Ono was not at the meeting, but the project will incorporate her vision of the Japanese garden at the site becoming a place of contemplation and celebration. She also will help with work on the Phoenix pavilion, a structure destroyed by vandals 70 years ago during World War II.

“She wants to, as she says, ‘Have the sky come down and cool this place,’” said Karr, who is also collaborating with Kulapat Yantrasast, an architect from Why Designs. Yantrasast on Tuesday proudly showed off his ImaginePeace T-shirt, a gift from Ono.

Plans also call for a music court, new restrooms and a number of multipurpose rooms — which received a bit of pushback from local residents concerned about noise.

“It just seems that you shouldn’t build it unless you know how it’s going to play out,” one resident told Heritage Landscapes’ Patricia O’Donnell during the question-and-answer session.
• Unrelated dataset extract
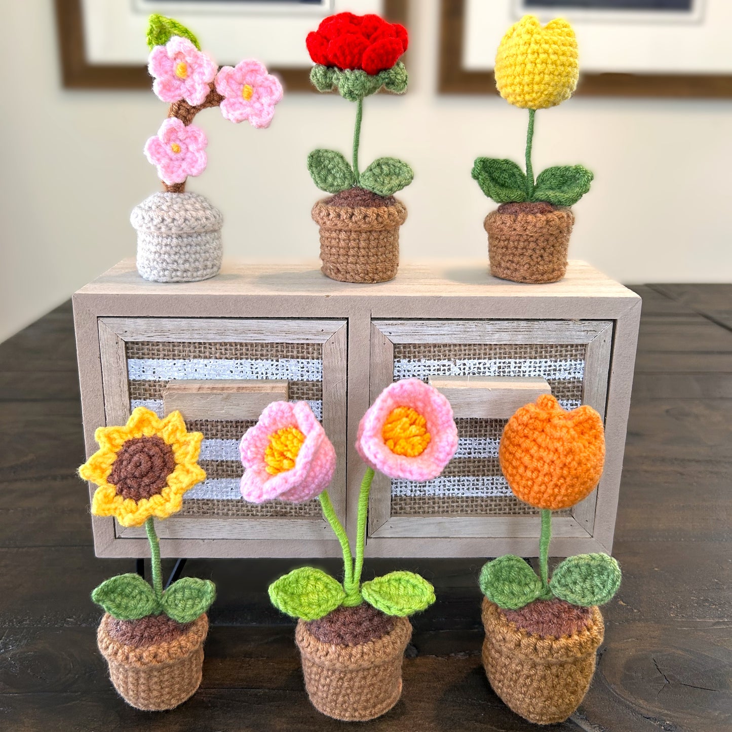 Handmade Crochet Knitted Potted Plant - Bundle B 6PCS - Gift for Valentine's, Birthday, Mother's Day, Office/Home Decor

Another plan to reduce traffic on the Cornell Street thoroughfare by reducing its size and adding two bike lanes drew criticism from Hairston, who raised safety concerns. 

The stone bridge stretching over the Jackson Park lagoon that has recently fallen into disrepair also will be restored, along with the neglected basketball courts, which will be moved to another area of the park.

There is no direct tie between the University of Chicago's proposal to locate the Obama library at the park and these plans, said Karr, who said the bulk of the funding for the project — 65 percent — is coming from federal funds.

There will be another meeting at 6 p.m. Tuesday at Montgomery Place, 5550 S. Lake Shore Drive.